I live alone, I’m my own family. I don’t have the expectant stomachs of husbands and children, just have my famished body after a full day of work. I have recently realised that walking through grocery store aisles looking for the perfect chilli powder for just myself is an act of revolution. I’m beginning to archive in my taste buds and cognitive skill, the stories that my grandmother wrote and whispered to Ma, – the ones I tried to throw away in a frantic rejection of femininity and now desperately cling to as an idea of home.

I’ve often made fun of how Ma thinks honey and lemon water can heal any pain, or how our grandmothers think turmeric can solve all problems. What I don’t think about is how they didn’t have a chance to sit and write about whether or not their kitchen is a battleground, because the survival of their families depended on their warfare. Dimta didn’t have an intricate knowledge of the world, didn’t know that women succeed less because men own our skills or that the voice in her head that made her wonder why the people she loved hurt her the most was actually depression. Ma doesn’t romanticise warmth and freeze it in op-eds. They just knew honey and lemon felt warm together, and they were right.

I have a separate chat with my mother to share my recipes, which I routinely forget to do. The internet archives it all, anyway. Recently, I’ve started journaling what I cook. Pictures, vague instructions – ‘little powder’, ‘sprinkle salt’ without any actual instructions, just like Ma and Dimta. The ‘how much’ of it all is a secret, earned when you cook, day after day, saving little bits of yourself and the matriarchy before you.

My recipes are archived in bits and pieces.

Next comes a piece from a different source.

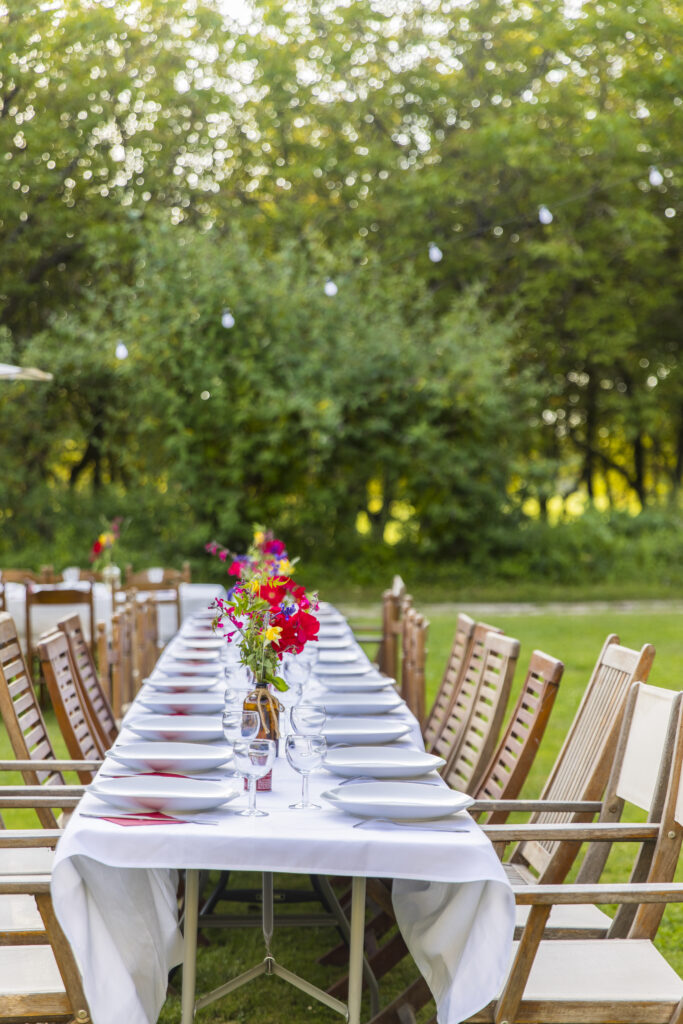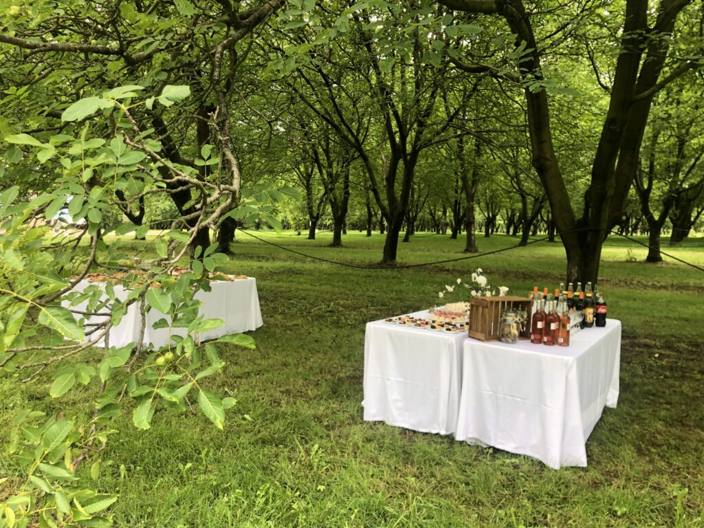 - Déjeuners chic et champêtre 100 % produits locaux sous les noyers

The world is no longer a pile of naphthalene-smelling magazine cutouts and frantically scribbled notes with curry stains on them. I archive the food I make on Instagram stories, in conversations with my best friends on what’s for dinner. One of my friends I haven’t seen in months replied to my story on buying a whole lot of coriander, and that’s the story of how I learnt how to make coriander stay fresh for longer. I am surrounded by passionate feminists who share with me pictures of gourmet sushi and leftover stir fry, all with equal love. My friends are all witnesses to my taste revolution, from survival rice and curry to the craft of spices that the perfect shorshe chingri is.

I cling to memories of Dimta like an idea of home. I cook her favourite food (with much less oil). I dress in her sarees, desperately clinging to the matriarchy with my non-binary identity because when the world is so boxed into binaries, not belonging anywhere can feel a bit confusing. It feels like I’m a lonely child, drenched in the rain, with nowhere to go, no shelter, no one to tell me how to get this right.

Then I think of my grandmother, a lonely woman, raising her only child with pride and fear. I think of the matriarchs of my life. It rains a lot in Narrm, and every time Ma calls when it’s raining, she reminds me of how Dimta was afraid of storms.

I remember how much I survived, and I look at my mother and think of how much she has survived, and loved through it at all. Dimta was terrified of storms, but she has given us, in whispered secrets of the matriarchy, the strength to walk through them all.